-- DATA BLOCK follows --

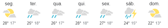 Segundo a previsão do tempo, o município deve enfrentar o tempo chuvoso de terça-feira (18) até sábado (22), com a possibilidade de tempestades isoladas com quedas de raio.
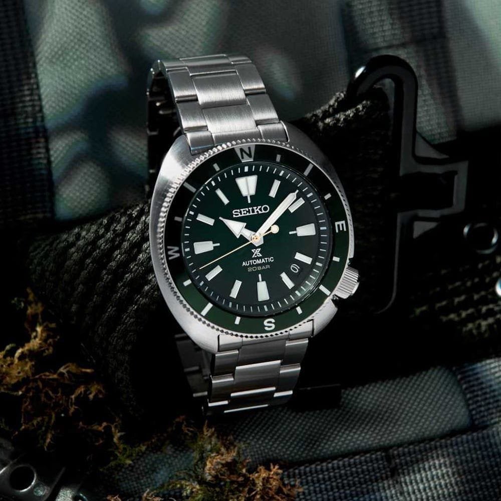 L’orologio Seiko Prospex Tortoise Land SRPH15K1 presenta una cassa in acciaio inossidabile diametro 42.4 mm e uno spessore di 11,72 mm. Il movimento è automatico 4R35 con capacità di carica manuale e riserva di carica di circa 41 ore. Monta un vetro zaffiro che protegge il quadrante verde è trattato con LumiBrite su lancette, indici e lunetta. Bracciale in acciaio. Resistenza all’acqua 200 metri / 20 bar. Questa forma di orologio è conosciuta come “Tortoise/tartaruga”, ispirata alla forma popolare dell’orologio subacqueo soprannominato dai fan di Seiko per via del suo profilo a forma di conchiglia.
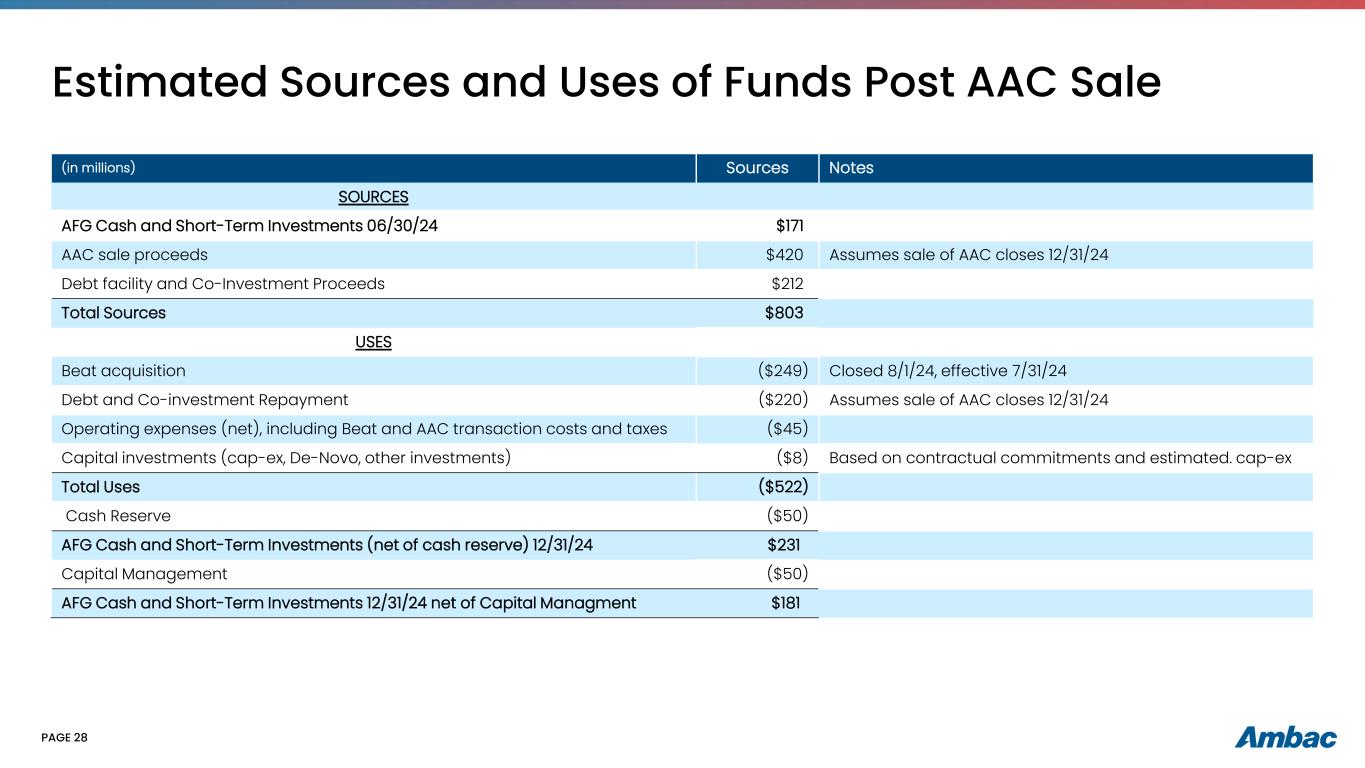 PAGE 28 (in millions) Sources Notes SOURCES AFG Cash and Short-Term Investments 06/30/24 $171 AAC sale proceeds $420 Assumes sale of AAC closes 12/31/24 Debt facility and Co-Investment Proceeds $212 Total Sources $803 USES Beat acquisition ($249) Closed 8/1/24, effective 7/31/24 Debt and Co-investment Repayment ($220) Assumes sale of AAC closes 12/31/24 Operating expenses (net), including Beat and AAC transaction costs and taxes ($45) Capital investments (cap-ex, De-Novo, other investments) ($8) Based on contractual commitments and estimated. cap-ex Total Uses ($522) Cash Reserve ($50) AFG Cash and Short-Term Investments (net of cash reserve) 12/31/24 $231 Capital Management ($50) AFG Cash and Short-Term Investments 12/31/24 net of Capital Managment $181 Estimated Sources and Uses of Funds Post AAC Sale

-- DATA BLOCK concluded --

**INSTRUCTIONS TO FOLLOW**.
Leaving the pictures out, output all of the listing exactly.

**ANSWER TO THE EXERCISE**.
 Segundo a previsão do tempo, o município deve enfrentar o tempo chuvoso de terça-feira (18) até sábado (22), com a possibilidade de tempestades isoladas com quedas de raio.
 L’orologio Seiko Prospex Tortoise Land SRPH15K1 presenta una cassa in acciaio inossidabile diametro 42.4 mm e uno spessore di 11,72 mm. Il movimento è automatico 4R35 con capacità di carica manuale e riserva di carica di circa 41 ore. Monta un vetro zaffiro che protegge il quadrante verde è trattato con LumiBrite su lancette, indici e lunetta. Bracciale in acciaio. Resistenza all’acqua 200 metri / 20 bar. Questa forma di orologio è conosciuta come “Tortoise/tartaruga”, ispirata alla forma popolare dell’orologio subacqueo soprannominato dai fan di Seiko per via del suo profilo a forma di conchiglia.
 PAGE 28 (in millions) Sources Notes SOURCES AFG Cash and Short-Term Investments 06/30/24 $171 AAC sale proceeds $420 Assumes sale of AAC closes 12/31/24 Debt facility and Co-Investment Proceeds $212 Total Sources $803 USES Beat acquisition ($249) Closed 8/1/24, effective 7/31/24 Debt and Co-investment Repayment ($220) Assumes sale of AAC closes 12/31/24 Operating expenses (net), including Beat and AAC transaction costs and taxes ($45) Capital investments (cap-ex, De-Novo, other investments) ($8) Based on contractual commitments and estimated. cap-ex Total Uses ($522) Cash Reserve ($50) AFG Cash and Short-Term Investments (net of cash reserve) 12/31/24 $231 Capital Management ($50) AFG Cash and Short-Term Investments 12/31/24 net of Capital Managment $181 Estimated Sources and Uses of Funds Post AAC Sale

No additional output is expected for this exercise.